____ Extracted entries

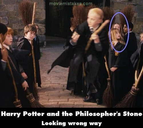 Revealing mistake: After Madame Hooch takes Neville to the hospital wing, Malfoy takes the Remembrall and mounts his broomstick, on a convenient protruding metal rod. Then when he comes around, though the students step away and watch as he begins to fly off, many of their eyes are not level with Malfoy, as he is merely edited into the end of this shot. (00:57:50)
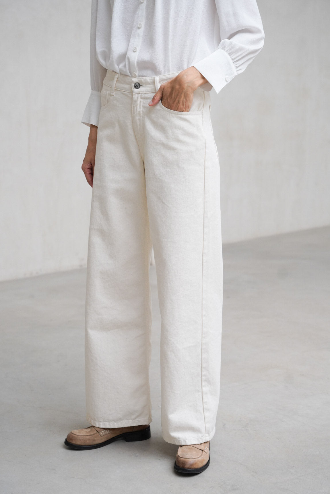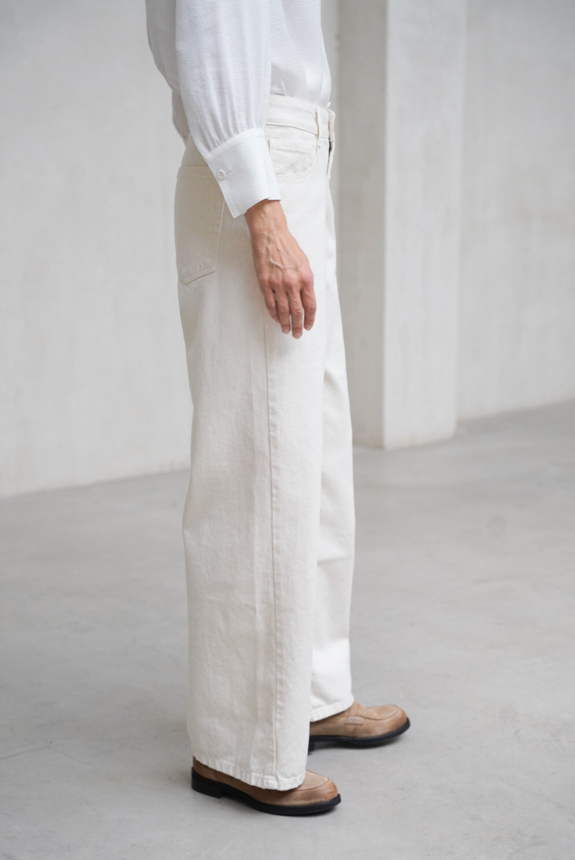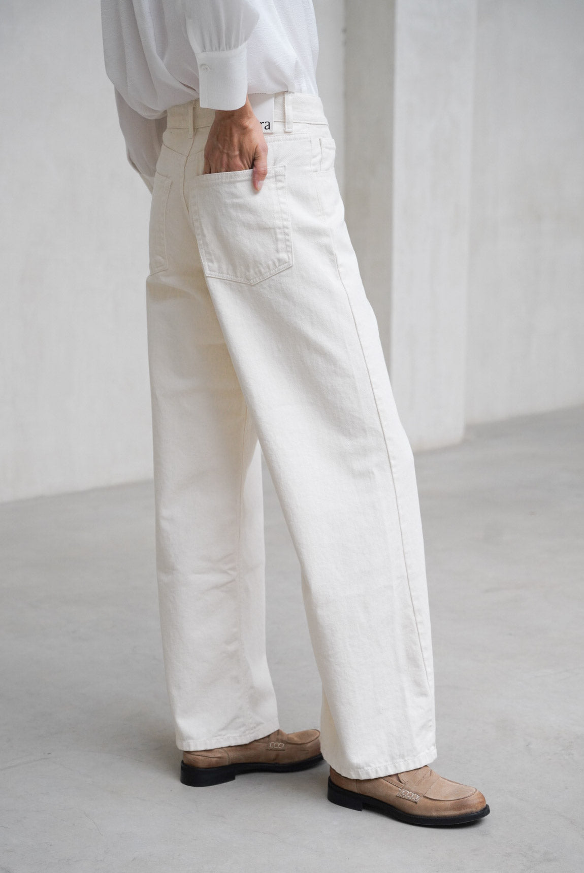 The raw Evoque pant is a luminous reinterpretation of the classic Rivera jean. Made with certified recycled fabrics and sustainable fibers, it maintains the same timeless five-pocket design, with a straight silhouette and mid-rise. Its soft, neutral hue makes it a versatile piece, perfect for fresh, balanced looks year-round.
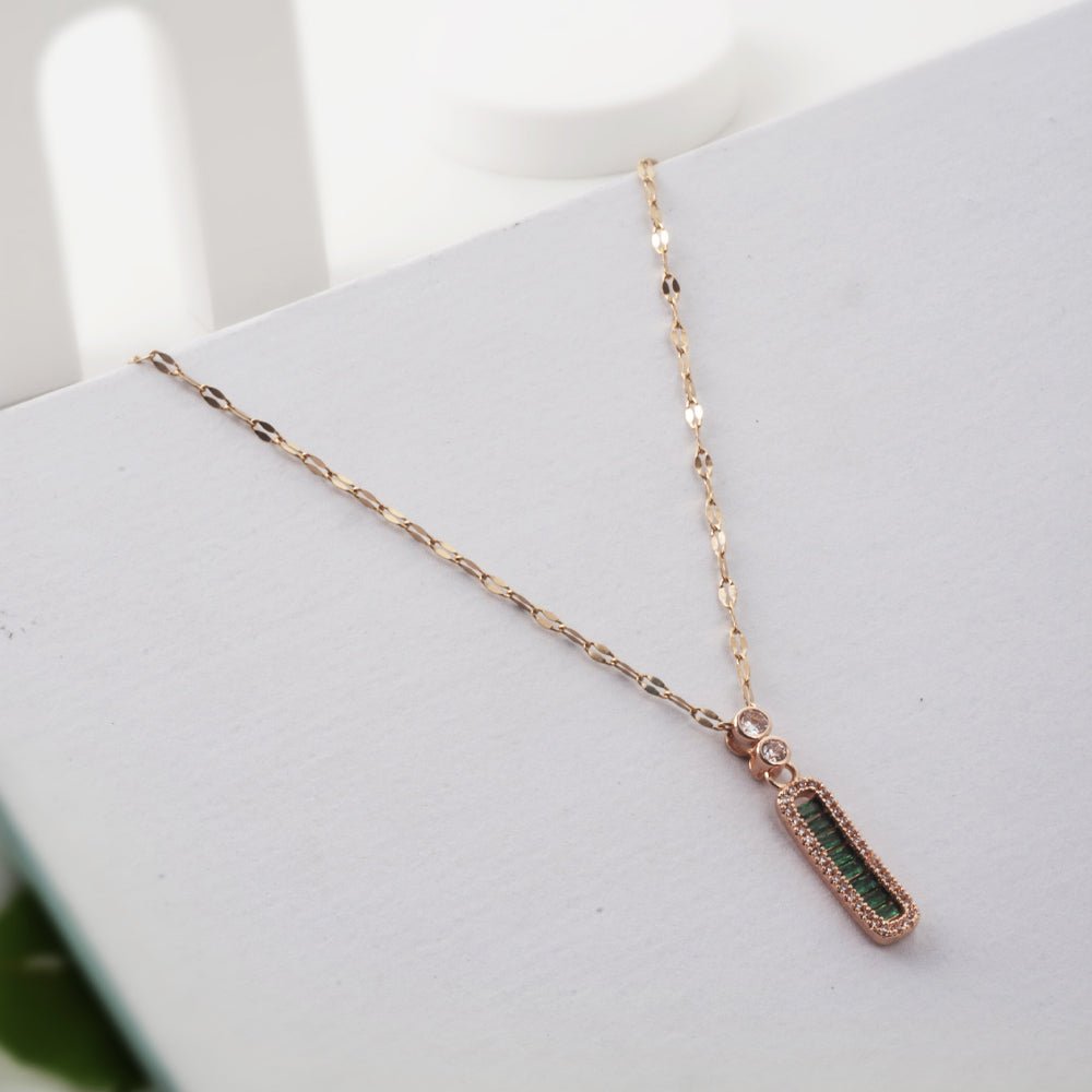 Introducing the Green color Drop Necklace – the perfect accessory for any occasion. With its stunning design, this necklace is sure to add a touch of glamour to your everyday wear and make you stand out at any party. Beautiful, alluring, and glorious, this chain pendant will elevate your style to the next level.
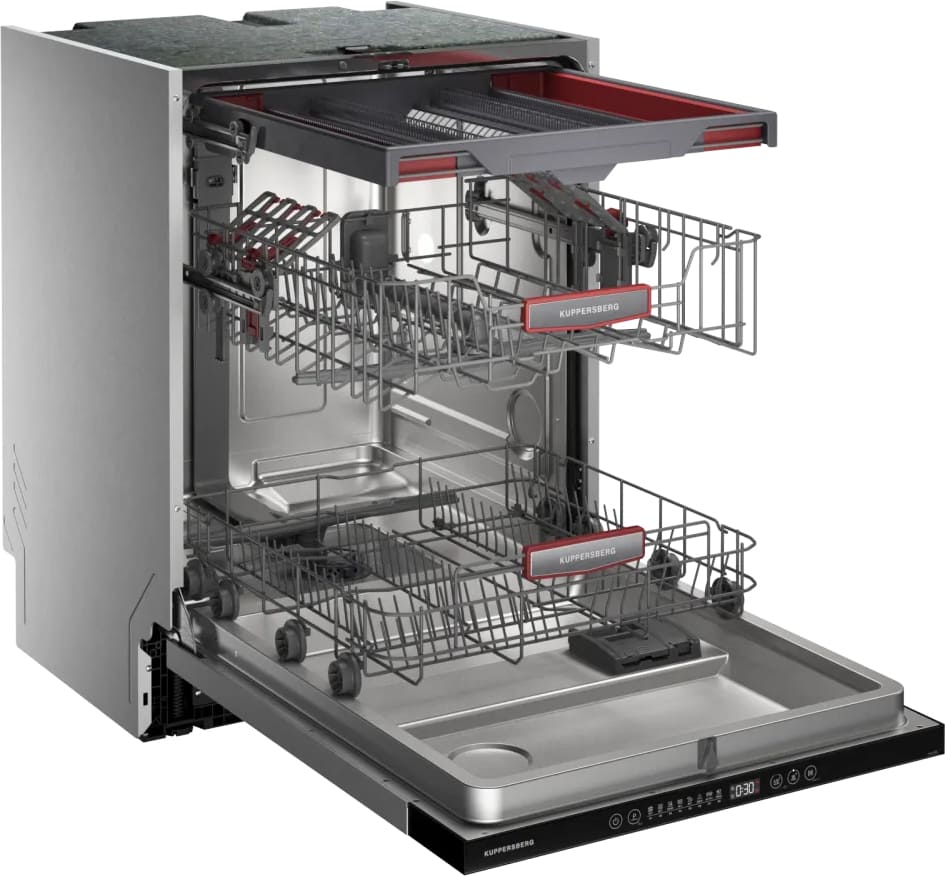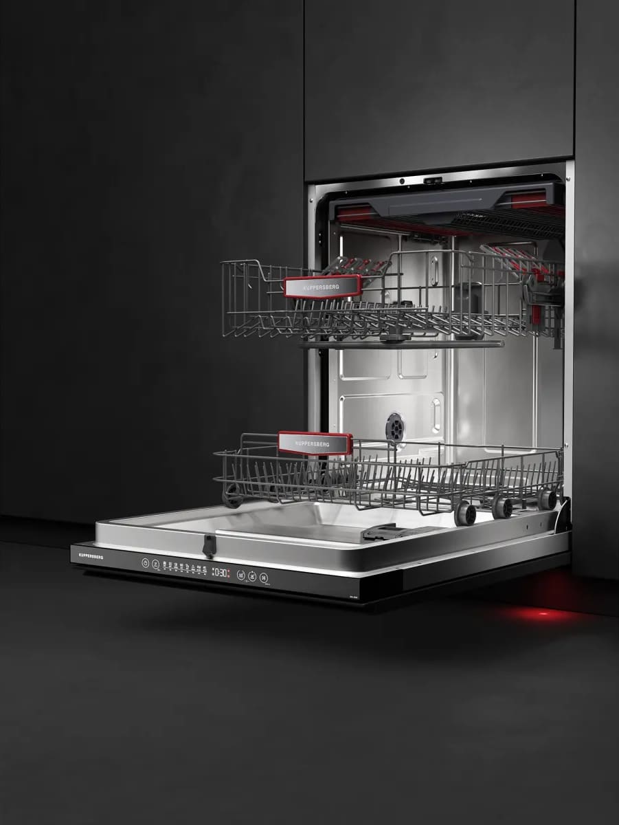 Встраиваемая модель Куперсберг отлично впишется в любой интерьер, главное — правильно выбрать место, чтобы подвести коммуникации. Устанавливается в нишу целиком, полностью закрывается декоративной панелью. Обратите внимание: в комплекте не идет фасад, его необходимо установить самостоятельно. Имеет стандартные размеры, поэтому может не поместиться на очень маленькой кухне. В камеру можно загрузить ограниченное число комплектов: 16 шт. Комплектом считается набор посуды на одного человека, который нужен для полноценного приема пищи: глубокая и плоская тарелки, тарелка для салата, блюдце под чашку, сама чашка, ложка и вилка.
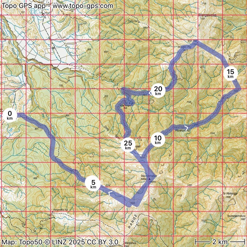 Day 1: Drive from uni to Rd end (2hr), walk to Kawakawa hut via Mangatoetoe hut (4-5hr, 10.7km)
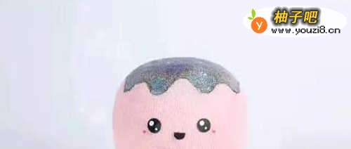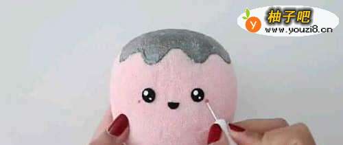 6如下图做眼睛和嘴巴。再用白色水笔涂上眼白,用粉色水笔涂上腮红。简单可爱的娃娃就做好了。
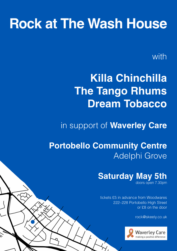 Hello Porty people, I just wanted to let you all know about 'Rock at The Wash House'. This is an exciting charity event that will be taking place in Portobello on Saturday the 5th of May and is going to be a great night of live music from 3 fantastic bands in aid of the charity Waverley Care held at the The Wash House (Portobello Community Centre). Tickets are only £5 each if you pre buy them and will be £8 on the door, they are available from Woodwares on the High st or you can contact me on
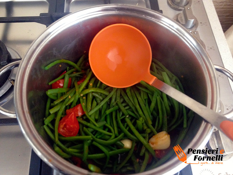 A questo punto aggiungiamo i fagiolini con un po’ della loro acqua di cottura, quanto basta perché cuociano per una ventina di minuti, ed il sugo resti lento e abbondante.
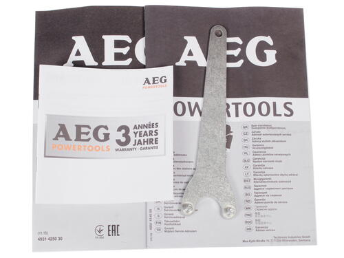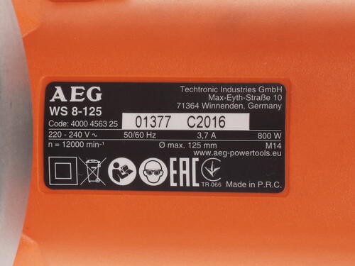 В AEG WS8-125 есть функция блокировки шпинделя. Благодаря ей удается быстрее выполнить замену оснастки. В конструкции установлен кожух. Он защищает от пыли и искр, исключает получение повреждений при работе.
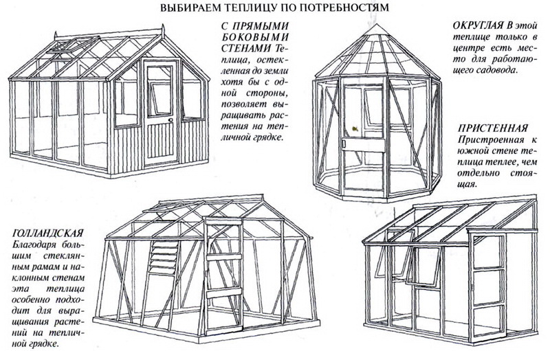 Based on these parameters, further drawings and forms of the greenhouse are formed; therefore, there is no separate and generally recognized list of typical values for such greenhouses. However, some examples are somehow common in our gardens.
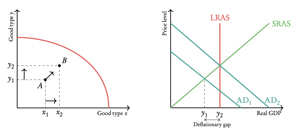 Efficiency: Point H illustrates unemployment of resources, or inefficient use of resources. By using the factors of production more efficiently, the economy could move closer to the PPC, increasing its output of agricultural output and manufactured goods. Any points underneath the PPC are possible, but would indicate a lack of efficiency, and some waste of resources.
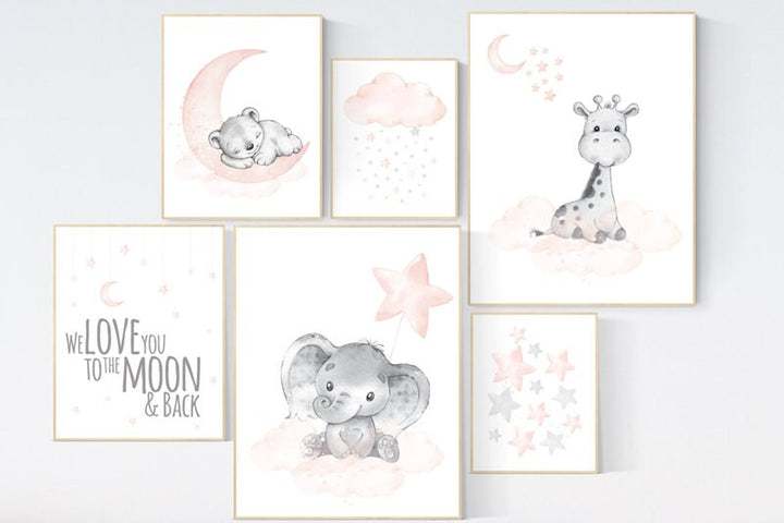 Nursery wall art girl, blush grey, elephant giraffe bear nursery, nursery wall art girl, we love you to the moon and back, blush pink

________

What to produce: Each line from the start of the entries to the line holding "The raw Evoque" is to be given again exactly, both ends included, and each picture is to be left out.

Result for this task:
 Revealing mistake: After Madame Hooch takes Neville to the hospital wing, Malfoy takes the Remembrall and mounts his broomstick, on a convenient protruding metal rod. Then when he comes around, though the students step away and watch as he begins to fly off, many of their eyes are not level with Malfoy, as he is merely edited into the end of this shot. (00:57:50)
 The raw Evoque pant is a luminous reinterpretation of the classic Rivera jean. Made with certified recycled fabrics and sustainable fibers, it maintains the same timeless five-pocket design, with a straight silhouette and mid-rise. Its soft, neutral hue makes it a versatile piece, perfect for fresh, balanced looks year-round.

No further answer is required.